Loneliness: The Silent Killer in the Church Pew

It was the cover that caught my attention.

For most of us, we never think of loneliness as a major health or psychological issue. After all, we’ve all had moments when we’ve felt lonely, and we probably think Lucy’s solution is all we need: 

But Jennifer Latson’s cover article in the current issue of Psychology Today paints a different picture. According to Latson, the plight of loneliness is reaching epidemic proportions, and some researchers want to treat it as a disease.

A disease? Perhaps. Loneliness can contribute to a whole catalog of health problems. “Lonely people are more likely than the nonlonely to die from cardiovascular disease, cancer, respiratory illness, and gastrointestinal causes—essentially, everything.” She goes so far as to consider loneliness deadly.

“Loneliness poses a serious physical risk—it can be, quite literally, deadly. As a predictor of premature death, insufficient social connection is a bigger risk factor than obesity and the equivalent of smoking up to 15 cigarettes a day, according to Julianne Holt-Lunstad, a psychology professor at Brigham Young University and one of the leading figures in loneliness research.”

This is where Lucy got it wrong in the Peanuts comic strip. Loneliness isn’t simply cured by being around people. People with a few friends can be quite content, while others with a large number in their social circles can experience great loneliness. Married people may have a spouse, but they can still suffer from feeling constantly lonely.

What matters is the quality of those relationships—and this is where the church can step in.

But before I address how the body of Christ can make a difference, let me get on my soapbox about how we’re contributing to the problem.

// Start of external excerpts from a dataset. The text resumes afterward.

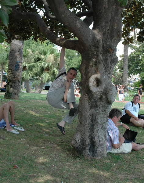 А справа под деревом "человек, похожий на Экслера" пишет очередной обзор высоких технологий.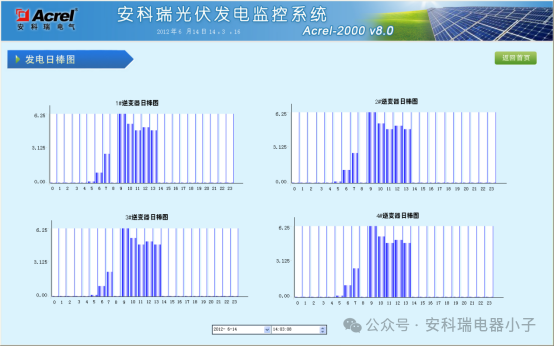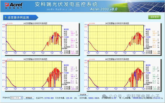 能夠根據(jù)微逆變反應的數(shù)據(jù)顯示各組太陽能電池板的工作狀態(tài)(是否正常發(fā)電),根據(jù)組串式逆變器顯示各光伏組串輸出功率,分別計量兩種兩種逆變方式的發(fā)電量日發(fā)電量、日發(fā)電量曲線、月發(fā)電量柱狀圖、年發(fā)電量柱狀圖等,并對這兩種方式發(fā)電量進行對比。
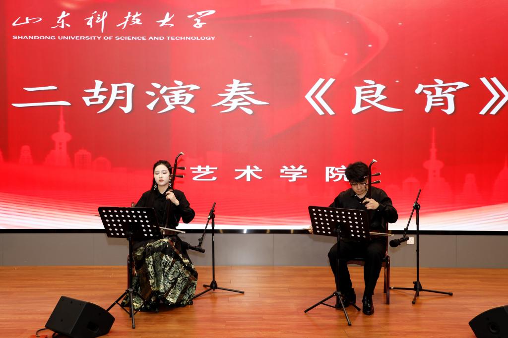 艺术学院师生带来的二胡二重奏《良宵》与古筝独奏《渔舟唱晚》,旋律悠扬婉转,意境恬淡悠远,为开幕式增添了浓郁的古典雅韵。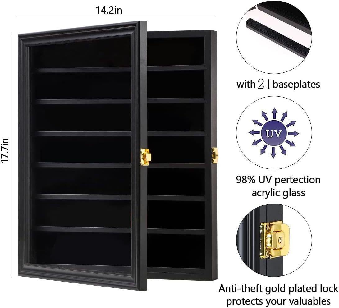 【THE BEST DISPLAY OF MINIATURES】This miniature figurine display cabinet is ready to hang and has 5 tiers to allow the figurines to stand up, it is made from high quality wood with a smooth wooden surface and comes with clear acrylic panels for easy viewing, each cabinet is protected from dust and damage.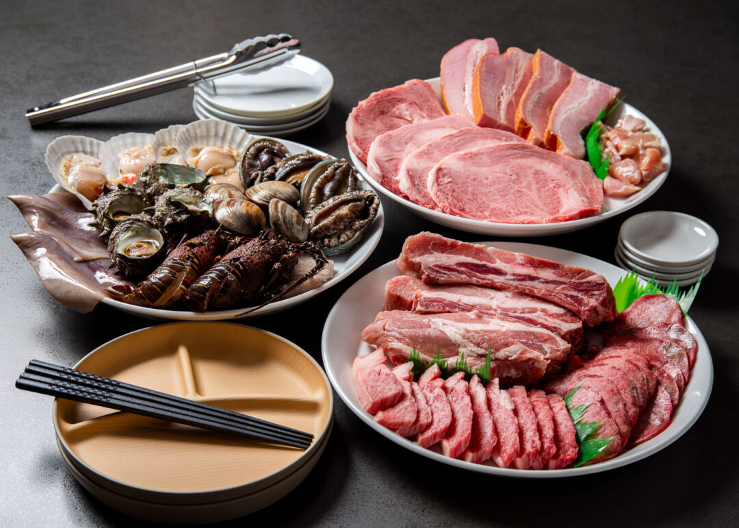 • 【肉類】国産牛ステーキ(150g)、和牛カルビ、タン、スペアリブ、厚切りベーコン、トリ肉(490g/1人前)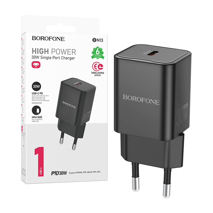 Caricatore Borofone BN13 Safety Typ C PD 30W Nero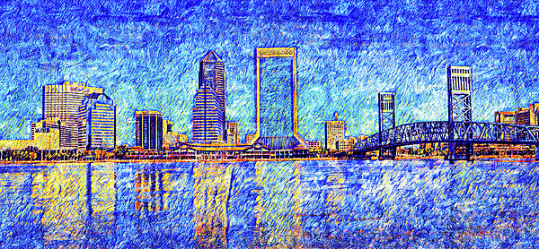 The waterfront of downtown Jacksonville, Florida – digital painting made from a photo where I made some small edits and I added painting texture. Here can be seen the St Johns River crossed by the John T. Alsop Jr. Bridge, and the main skyscrapers of downtown Jacksonville including the Bank of America Tower, the Wells Fargo Center, One Enterprise Center, the VyStar Tower, and many more. Jacksonville is a city located on the Atlantic coast of Florida, the most populous city in the state, and the seat of Duval County.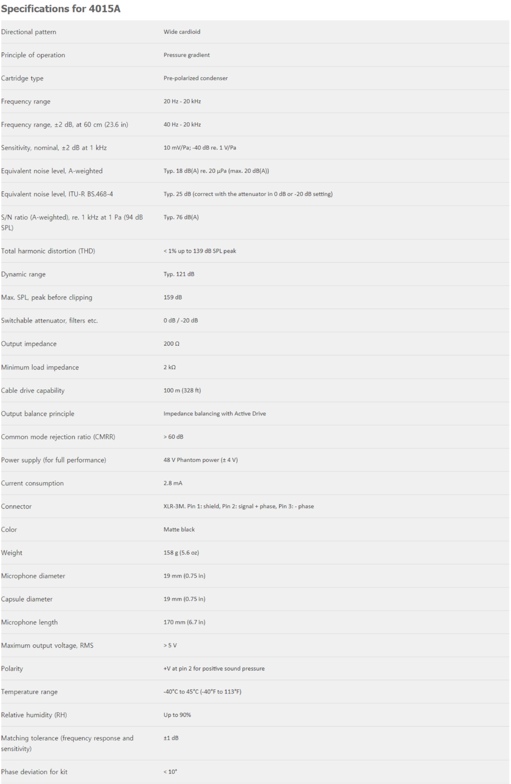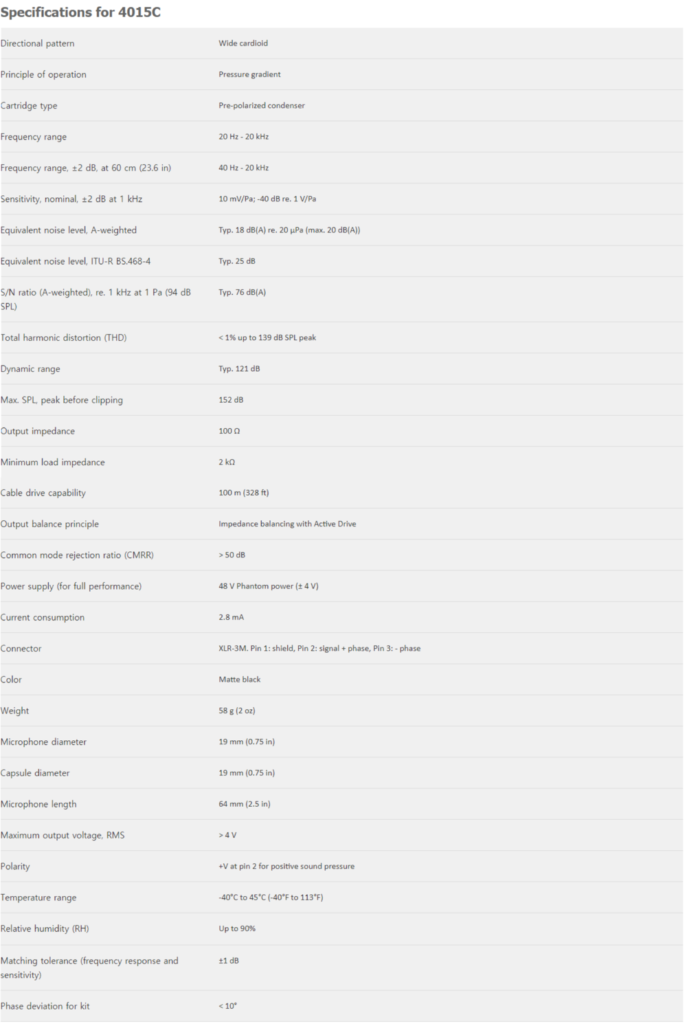 이 마이크는 풍성하고 열린 음성으로 음향 기기와 음성에 잘 어울립니다. 클리핑이 발생하기 전에 매우 높은 음압 수준을 처리할 수 있습니다. d:dicate™ 4015A Wide Cardioid Mic에는 마이크로 앰프의 과부하를 방지하기 위해 XLR 커넥터 중앙에 20dB 패드 스위치도 포함되어 있습니다. d:dicate™ 4015A Wide Cardioid Mic는 일치하는 스테레오 쌍으로도 사용할 수 있습니다.

Does your church have one of those “meet and greet” times during the worship service? I do not like those—and I am an outgoing person who likes to meet people. I have never been in a church where those “meet and greet” times did not feel superficial and forced. In the past few months, I’ve discovered I’m not alone. Dr. Thom Rainer has just released a new book, Becoming a Welcoming Church. His research found that ninety percent of church visitors don’t like “meet-and-greets” and sixty percent of church members don’t either.

Each week our churches are full of lonely people. They’re dying inside from loneliness. We can assume they come to church because they love God or want to connect to Him, but tied to that is a desire to connect to others. Yet too often we feel we were out-and-out friendly because we smiled, shook their hand, and said, “Glad you’re here”—right before we quickly moved to the next person, smiled, shook their hand, and said, “Glad you’re here.”

They also sit in our Bible study groups. Lonely. There is a desire to bond with other people, to build a connection. The purpose of group Bible study is to learn and grow in Christ together.

The Psychology Today article closed with several practical tips that will contribute to the cure for loneliness:

  • Do talk to strangers
  • Give a conversation seven minutes
  • Schedule face time (not just social media)
  • Meet your neighbors
  • Reach out and literally touch someone

Psychology Today is a purely secular magazine, yet the tips that closed out this article identity things the church should already be doing—and should be doing with excellence.

Are we?

What will you do this week to move beyond the superficial and get to know the person who sits down the pew from you? Who knows, maybe they’re dying to know you.

  • Just as a nursing mother cares for her children, so we cared for you. Because we loved you so much, we were delighted to share with you not only the gospel of God but our lives as well (1 Thess. 2:7-8).
  • “Not giving up meeting together, as some are in the habit of doing, but encouraging one another—and all the more as you see the Day approaching” (Heb. 10:25).